Block-based FTLs have been around since the dawn of flash. They require minimal resources to manage the logical to physical mapping, bad block management and wear-leveling. The old CF card flash disks from 1994 were block-based and used a simple 8-bit 8051 microcontroller and minimal RAM. When flash densities were small, block-based FTLs didn’t suffer as many limitations as they do on today’s multi-gigabyte disks. Since block-based FTLs can only write in block-sized chunks, using such an FTL with today’s high density, large block NAND requires computing resources in excess of what exists in the resources in low-end controllers.
Read performance for a block-based FTL is typically very fast. However, while the write performance of a block-based FTL is fine when data is written sequentially to the disk for the first time, the performance is much worse when data is written randomly or requires overwriting blocks that have been previously used. This is because block -based FTLs are often used in low resource flash controllers where the new data cannot be cached and must be synchronously written to the flash media. The ideal use case for block-based flash disks is a read-only application in which updates happen only when the entire dataset can be image copied for fast sequential writes.
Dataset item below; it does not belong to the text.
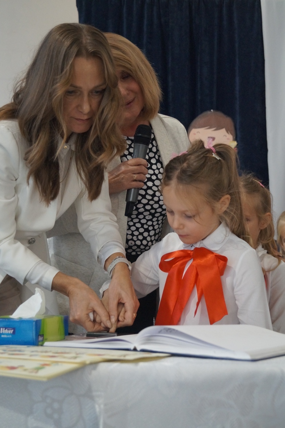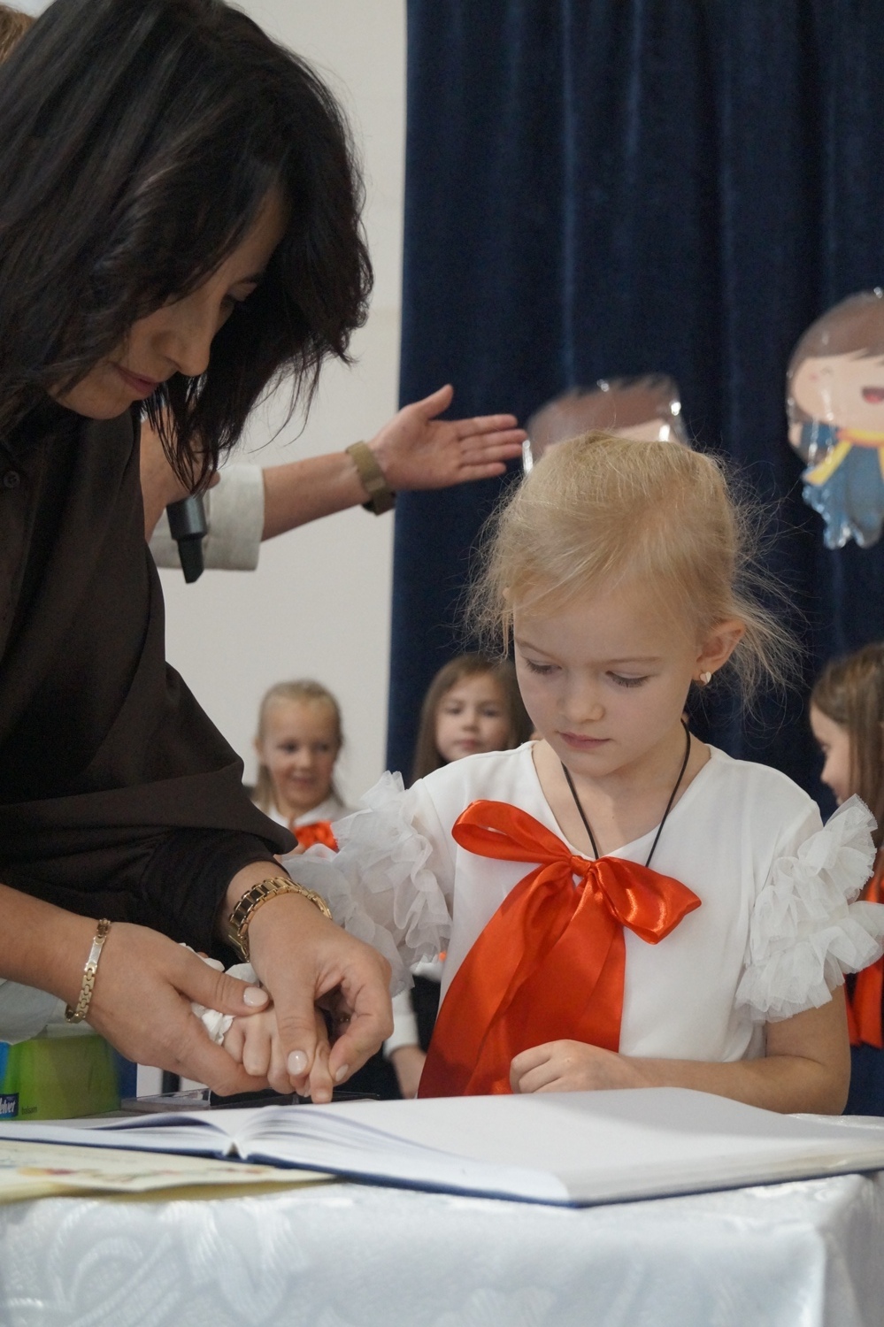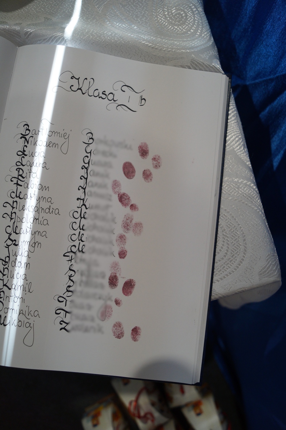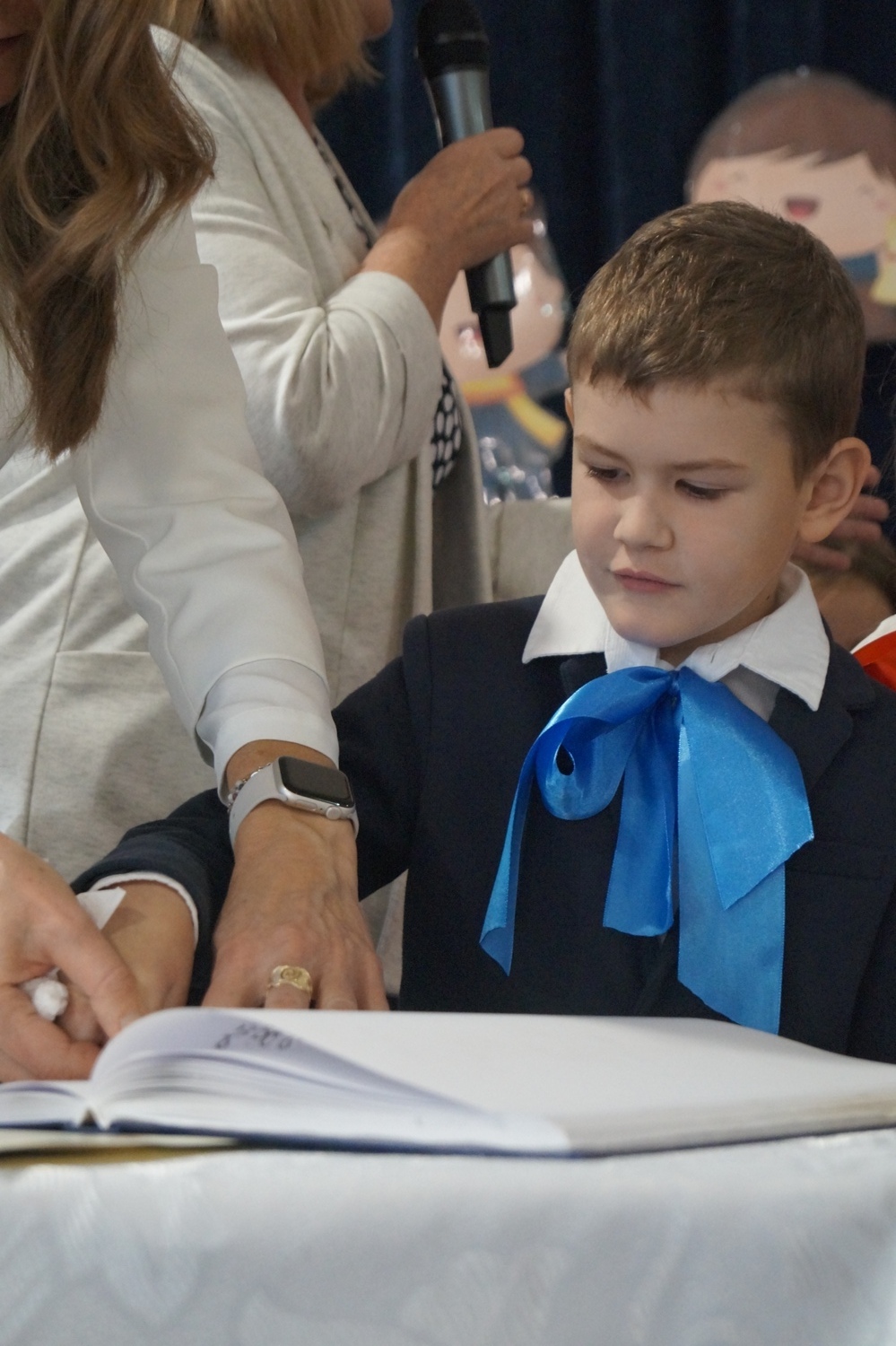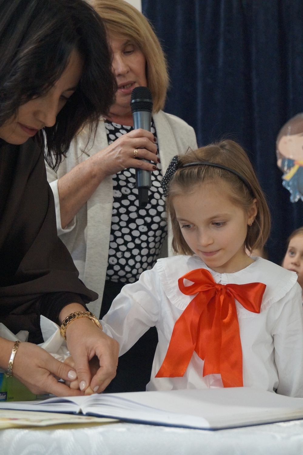 To wielkie wydarzenie rozpoczęła p. Dyrektor Urszula Ząber witając gości: Wójta Gminy Grybów p. Jacka Migacza, Grono Pedagogiczne, rodziców, społeczność szkolną oraz głównych bohaterów - Pierwszoklasistów. Obie klasy zaprezentowały swoje talenty recytatorskie, umiejętności wokalne i na sam koniec nie zabrakło żywiołowego tańca. Po tak obszernym i wymagającym zaprezentowaniu się z wielką radością dzieci zostały przyjęte do grona Uczniów Naszej Szkoły. Po uroczystym Ślubowaniu i Pasowaniu zaproszeni goście, rodzice i dzieci dokonali wspólnego sadzenia drzewa - symbolizującego Ich pobyt w szkole. Następnie udali się do sal i zasiedli z rodzicami do słodkiego poczęstunku.

Write performance on block-based FTLs also suffers because to update a page the entire block must be rewritten. The steps to update a page of flash within a block are to:
- Identify the spare block that will be used for writing
- Copy the pages that come before the page(s) that will be updated from the old block to the new block (for example, if the update will be to data in page 3, copy pages 0, 1 and 2 to the new block)
- Write the updated data (a new page 3) to the new block
- Copy the pages following the page that was updated (pages 4, …) from the old block to the new block
- Mark the old block as discarded so that it can be erased for reuse.
- Mark the new block as a live data block
Multiple blocks are reserved for spares to replace blocks that fail during normal use. When writing data, one of the reserved blocks is selected, and data is copied to it during the writing of a specific area of the disk. The previous block is erased and put back in the pool for when it is needed. When a block fails, then that erased block is removed from the overprovisioning pool, thereby reducing the life of the flash disk.
A block-based FTL does not support a TRIM or traditional Garbage Collection. Being that the block is the level of flash being managed, TRIMing a page out of a block cannot be done. Only a full block can be TRIMed. Garbage Collection is not meaningful on a block-based FTL, as the data with a block cannot be TRIMed or reordered, both of which are required for a Garbage Collection to be effective.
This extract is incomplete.